The most recent development was Dutch-Swiss oil giant Vitol Energy’s subsidiary, Vivo Energy, finalising its acquisition of 100% of Engen stations in South Africa.
The company announced the transaction’s completion shortly after the Competition Tribunal approved Vivo Energy’s purchase of Malaysian firm Petronas’s 74% stake in Engen.
Engen has over 1,300 local service stations in South Africa, making it the country’s biggest fuel distributor. Vivo Energy has over 2,600 stations across 27 other African countries. These stations operate either under the Engen or Shell brands.
Following the acquisition, Vivo Energy will have a vast network of 3,900 stations over more than half of Africa’s countries. One major benefit of the takeover for Engen will be access to a significantly larger international fuel distribution network.

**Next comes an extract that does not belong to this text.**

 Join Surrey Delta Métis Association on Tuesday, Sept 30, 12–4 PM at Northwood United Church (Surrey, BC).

As part of the transaction’s conditions, Vitol committed to investing R9.85 billion in South Africa’s retail and fuel infrastructure and solar energy generation over the next five years.
It has also committed to continue buying fuel from Astron’s oil refinery in the Western Cape for 15 years and Sasol and the TotalEnergies Natref refinery in the Free State for ten years.

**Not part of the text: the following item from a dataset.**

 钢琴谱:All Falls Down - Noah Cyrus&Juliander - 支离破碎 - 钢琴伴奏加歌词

Vivo Energy said it would only make changes that “add value” and keep a “business as usual” approach for customers, partners, suppliers, and employees.
One thing that is certain is that Engen’s name is going nowhere.

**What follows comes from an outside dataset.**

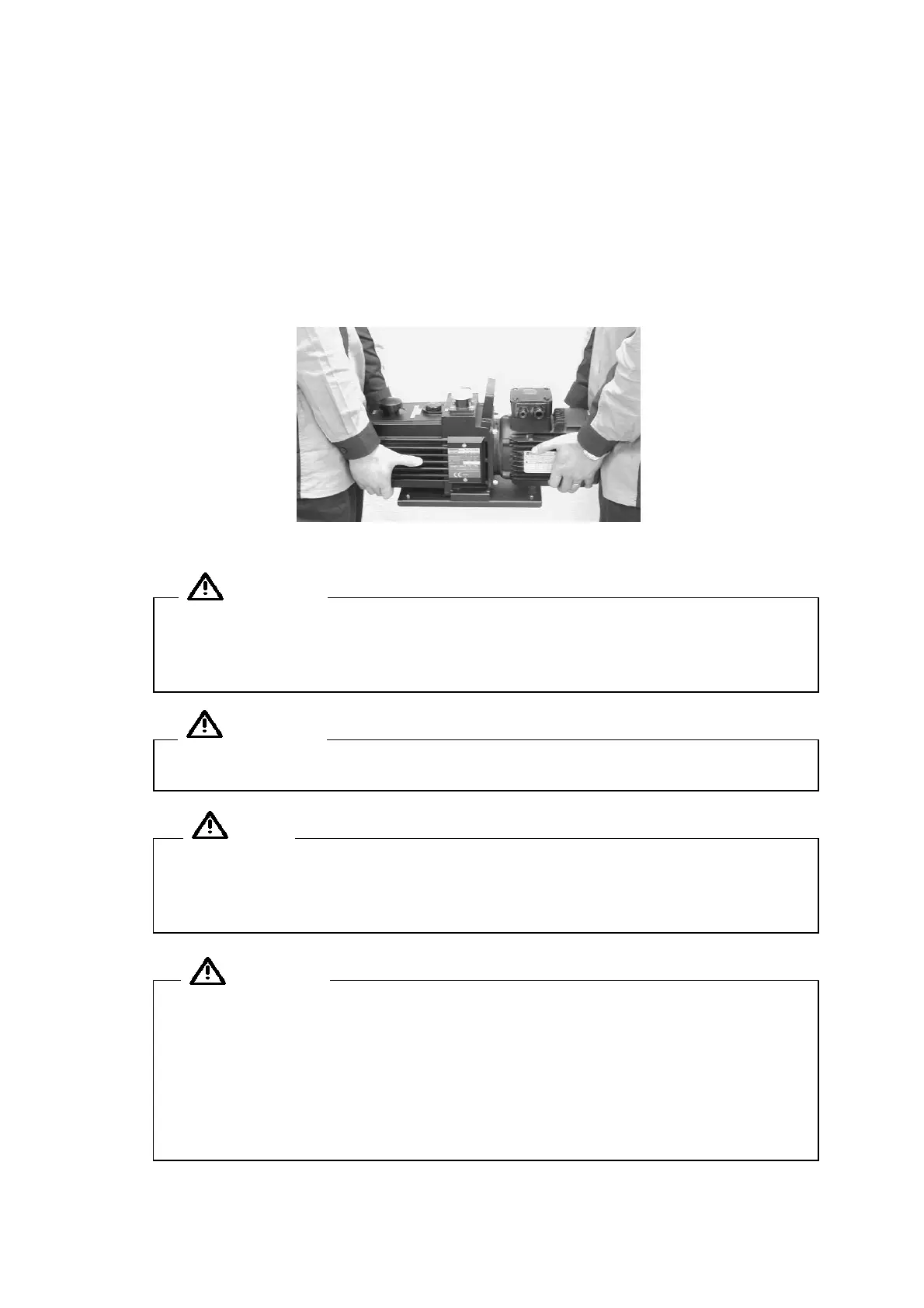 Since the pump weighs over 20 kg, do not lift or transport it by yourself.

The same cannot be said for Caltex. Its white bunny is set to disappear as all its stations in South Africa and Botswana are being rebranded to Astron Energy, a subsidiary of Glencore.
The rebranding was announced in August 2021 and came three years after Glencore acquired the majority of the former Chevron South Africa, which owned the Caltex brand. Astron continued to operate roughly 800 stations under the Caltex brand as part of a licence agreement.
Changes could also be on the cards for Shell-branded fuel stations.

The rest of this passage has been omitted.